Surface to Volume Mesh
The Surface to Volume Mesh tool converts closed surface meshes into tetrahedral volume meshes suitable for finite element analysis (FEA), computational fluid dynamics (CFD), and other simulation applications. This conversion transforms hollow shell geometry into solid volumetric representations discretized by tetrahedral elements, enabling computational analysis of structural behavior, heat transfer, fluid flow, and other physical phenomena.

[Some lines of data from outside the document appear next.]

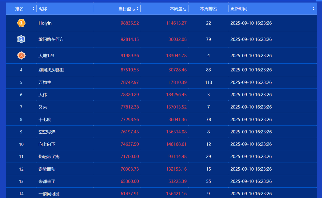 今日榜单出炉,冠军是【Hoiyin】盈利了9.88万。恭喜恭喜,请加余管财微信领奖。日奖礼包还是很丰厚的,是智大领峰定制水杯+蓝牙耳机+定制掼蛋+荣誉证书。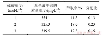 2.3.2  水相硫酸浓度对锑萃取率的影响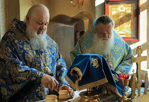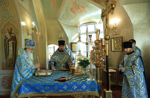 Его Преосвященству сослужили наместник Высоцкого ставропигиального мужского монастыря епископ Серпуховской Роман, братия обители в священном сане.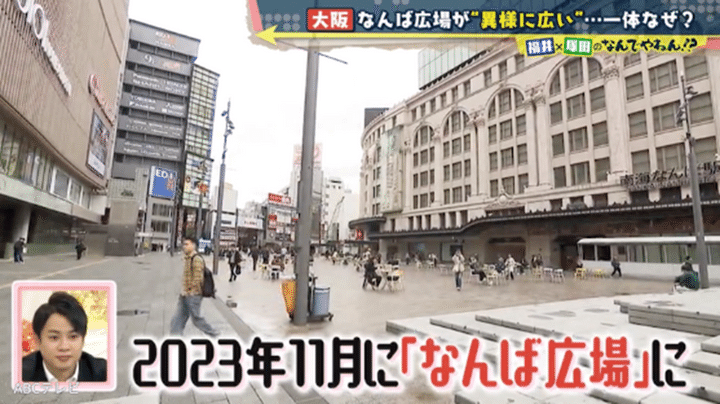 南海・大阪メトロの「なんば駅」の目の前、まさにミナミの中心地である「なんば広場」。かつては車道だったが、2023年から歩行者エリアとなっている。が、改めて見てみると確かに“異様に”広い———。

Understanding Volume Mesh Generation
Surface meshes represent only the boundary of a geometric object—they define the outer shell but contain no information about the interior. Volume meshes, in contrast, fill the entire interior with volumetric elements, typically tetrahedra. Each tetrahedral element connects to its neighbors, forming a continuous mesh that discretizes the complete 3D domain.
This discretization is fundamental to finite element methods, where the governing equations of physics are solved at discrete points throughout the volume. The quality of simulation results depends critically on mesh quality—elements should be well-shaped, appropriately sized, and properly graded from coarse regions to fine regions where detail is required.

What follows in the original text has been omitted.